January 2000/import java.*

One of the key advances in software engineering over the past few decades has been the practice of separating interface from implementation. If a client depends only on an interface, then the implementation can vary with little disruption for the client. That's the theory, anyway. I suppose the truth of that statement depends on how you define "little disruption." In this article I talk about how Java supports interfaces as first-class entities to greatly enhance modular programming.

Separation Anxiety

I don't think you and I will ever see the day when the stack data structure is no longer used as a sample program, whether as a model for how to define a class or for whatever other purpose. That being the case, why fight it? In Figure 1 I define a FixedStack class, which uses an array to hold Objects. The interface consists of the public methods: push, pop, top, size, and a constructor, which in this case defines the stack's capacity. Since exceptions are the best way to signal errors, I define StackError as an exception class (see Figure 2). The test program in Figure 3 makes sure everything works as advertised.

Is this the best way to implement a stack? Probably not, although if you know the upper bound on the number of elements it's very efficient. But it's more likely that you'll need a stack that can grow arbitrarily large, like the DynamicStack class in Figure 4, which uses a Vector to store its objects. Java.util.Vector.addElement does not specify that it throws any exceptions, therefore neither does DynamicStack.push, and the test program in Figure 5 doesn't test for it. Other than that, the two classes look pretty much the same to the user.

With things as I've defined them so far, the only way I can use a stack is to choose an implementation, because concrete classes such as FixedStack and DynamicStack come with both interface and implementation as a unit.
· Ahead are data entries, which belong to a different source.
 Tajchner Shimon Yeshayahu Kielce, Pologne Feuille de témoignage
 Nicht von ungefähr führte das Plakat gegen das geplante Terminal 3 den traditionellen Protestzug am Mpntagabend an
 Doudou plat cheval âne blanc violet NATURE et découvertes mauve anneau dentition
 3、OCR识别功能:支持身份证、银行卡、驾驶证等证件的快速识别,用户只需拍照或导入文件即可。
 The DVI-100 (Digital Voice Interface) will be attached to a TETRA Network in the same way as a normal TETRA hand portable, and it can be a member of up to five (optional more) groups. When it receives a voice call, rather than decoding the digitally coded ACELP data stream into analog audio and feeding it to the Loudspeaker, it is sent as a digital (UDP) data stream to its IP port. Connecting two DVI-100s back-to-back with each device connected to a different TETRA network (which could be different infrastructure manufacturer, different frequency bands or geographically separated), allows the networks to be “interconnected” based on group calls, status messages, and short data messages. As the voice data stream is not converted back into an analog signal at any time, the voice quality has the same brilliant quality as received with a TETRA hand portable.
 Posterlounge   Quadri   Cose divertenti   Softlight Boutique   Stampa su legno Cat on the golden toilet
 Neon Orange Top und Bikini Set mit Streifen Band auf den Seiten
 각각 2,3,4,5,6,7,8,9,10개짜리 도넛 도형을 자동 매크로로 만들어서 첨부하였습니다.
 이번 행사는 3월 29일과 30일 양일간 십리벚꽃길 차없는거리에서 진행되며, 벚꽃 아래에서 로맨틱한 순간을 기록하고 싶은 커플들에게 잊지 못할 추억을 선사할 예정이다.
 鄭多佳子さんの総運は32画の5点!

In other words, I really haven't separated the interface from the implementation — I've just made the details of the implementation inaccessible to clients. I should be able to make the test function StackTest.doTest totally independent of whatever implementation it receives. But how?
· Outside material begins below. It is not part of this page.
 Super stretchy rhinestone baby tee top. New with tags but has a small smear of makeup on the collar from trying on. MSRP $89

The first thing that comes to mind, especially to C++ programmers, is to define an abstract class Stack, say, that serves as a base class for both implementation classes:

abstract class Stack
   public abstract void
   push(Object o)
      throws StackException;

   public abstract Object pop()
      throws StackException;

   public abstract Object top()
      throws StackException;

   public abstract int size();

I can now ignore the implementation classes within StackTest.doTest by having it process a Stack object, and pass either a FixedStack or DynamicTest as circumstances dictate.
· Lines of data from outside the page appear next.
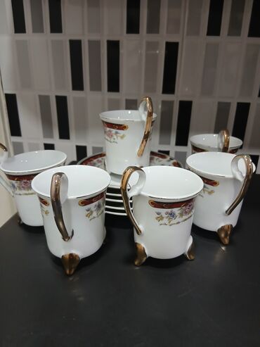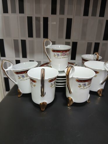 - Detallar: qızılı rəngli tutacaqlar və üçayaqlı qızılı ayaqcığa sahib fincanlar
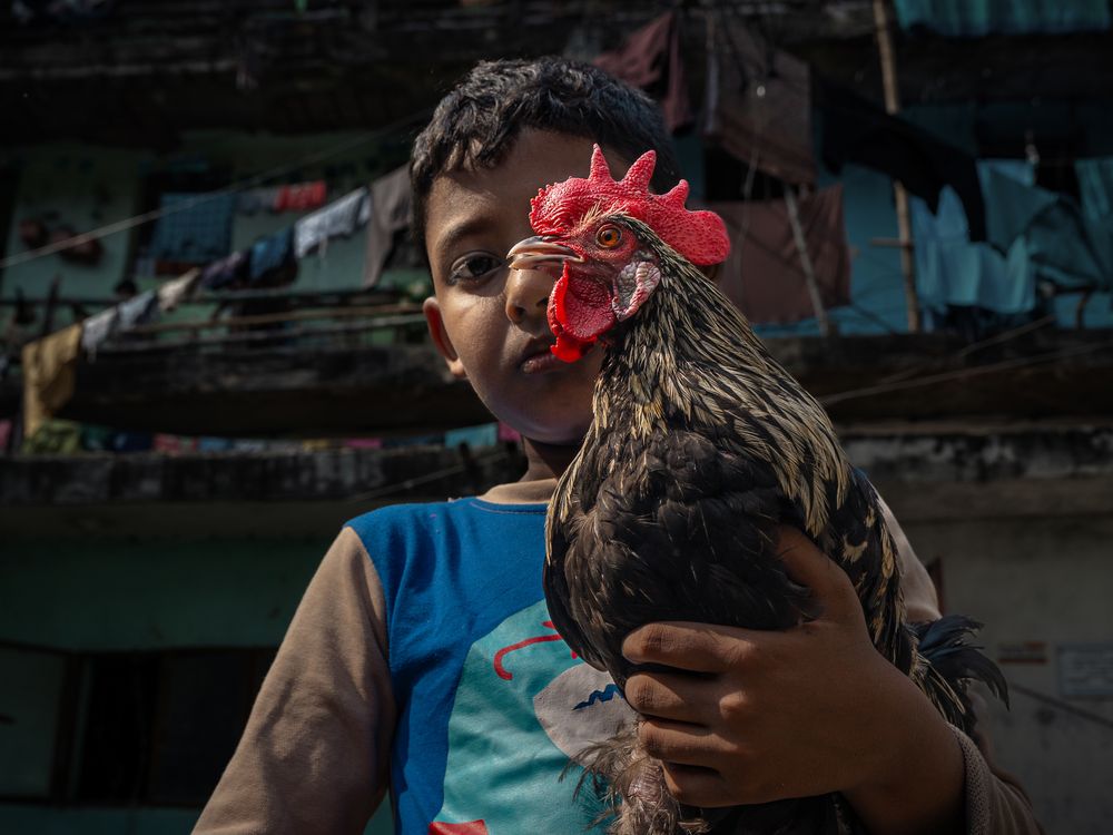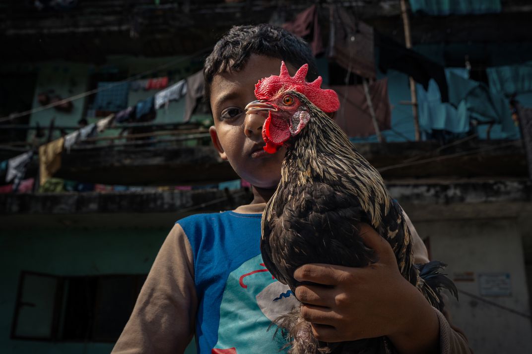 In the heart of a crowded alley, a boy cradles his rooster, their connection unfolding like a gentle rhythm. Amid laundry lines and concrete walls, their bond flows quietly—soft feathers brushing against the memory of childhood: no leash, no cage—only trust. The rooster’s red crown glows softly, a heartbeat steady in the boy’s embrace. In this fleeting moment, love needs no words- it is lived, held, and quietly pulses in the heart of pethood.
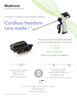 - Based on internal test report RE00329878 rev A, Marketing evaluation of surgeon experience using the Sonicision™ 7 curved jaw cordless ultrasonic dissector. April 14–15 and 20-22, 2021.
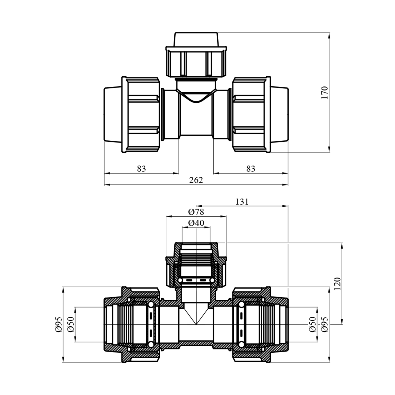 Характеристики Тройник редукционный ПЭ SantehPlast 50х40х50 мм код товару CV020241
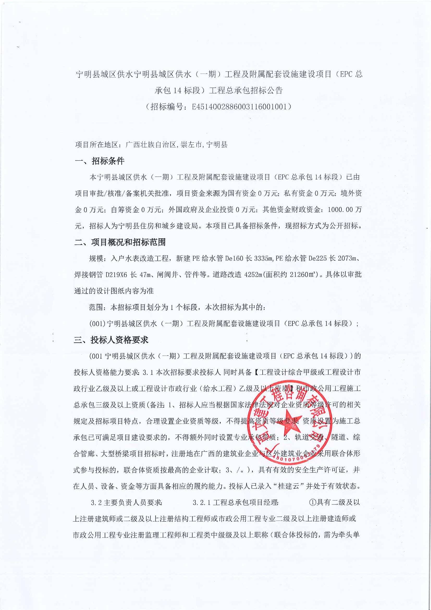 廣西寧明縣城區(qū)供水寧明縣城區(qū)供水(一期)工程及附屬配套設(shè)施建設(shè)項目(EPC總承包14標(biāo)...
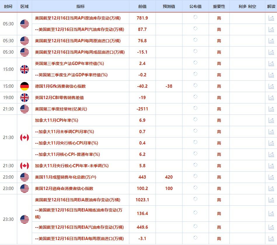 ③12月21日(周三)关键字:美国截至12月16日当周API原油和EIA库存变动,加拿大11月CPI
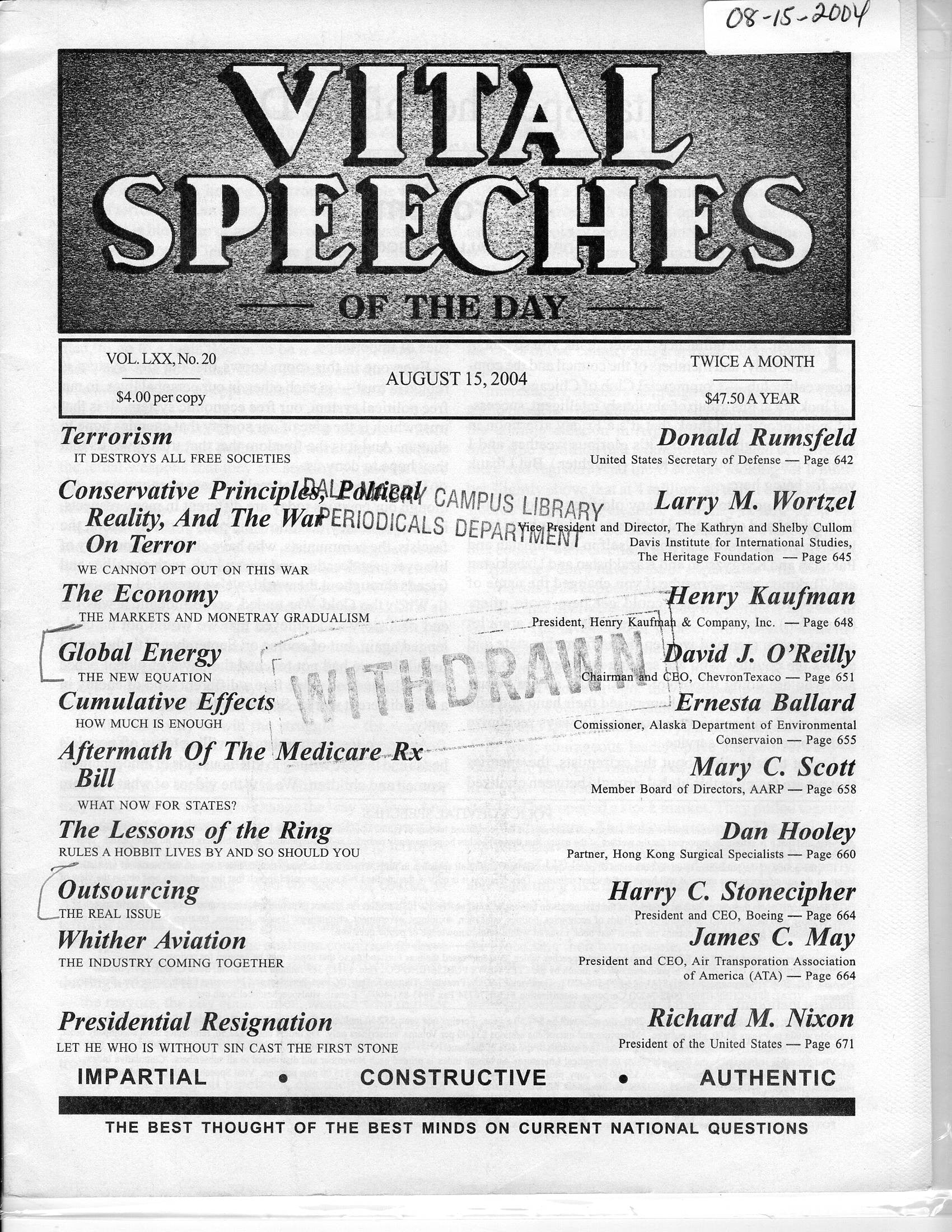 Speeches by Donald Rumsfeld, Larry M. Wortzel, Henry Kaufman, David J O'Reilly, Ernesta Ballard, Mary C Scott, Dan Hooley, Harry C Stonecipher, James C May, and Richard M Nixon (Presidential Resignation)

I need the exception specification on Stack.push, by the way, because FixedStack needs it, even though DynamicStack doesn't. An overridden method in a subclass can specify a subset of the exceptions specified in the parent method (even an empty subset), since it still fulfills the contract of the parent method.

I see 1 1/2 problems with this approach. The "1/2" is that abstract classes are capable of holding implementation, yet my Stack class has none. This may not seem like a "problem," but in Java, abstract classes are intended to hold implementation shared by all subclasses. Of course, the reason I have no details in Stack is because there's nothing to share between FixedStack and DynamicStack. But it would feel so much better if there were some way to capture the shared design (i.e., the interface declarations) without inheritance, because inheritance is all about implementation.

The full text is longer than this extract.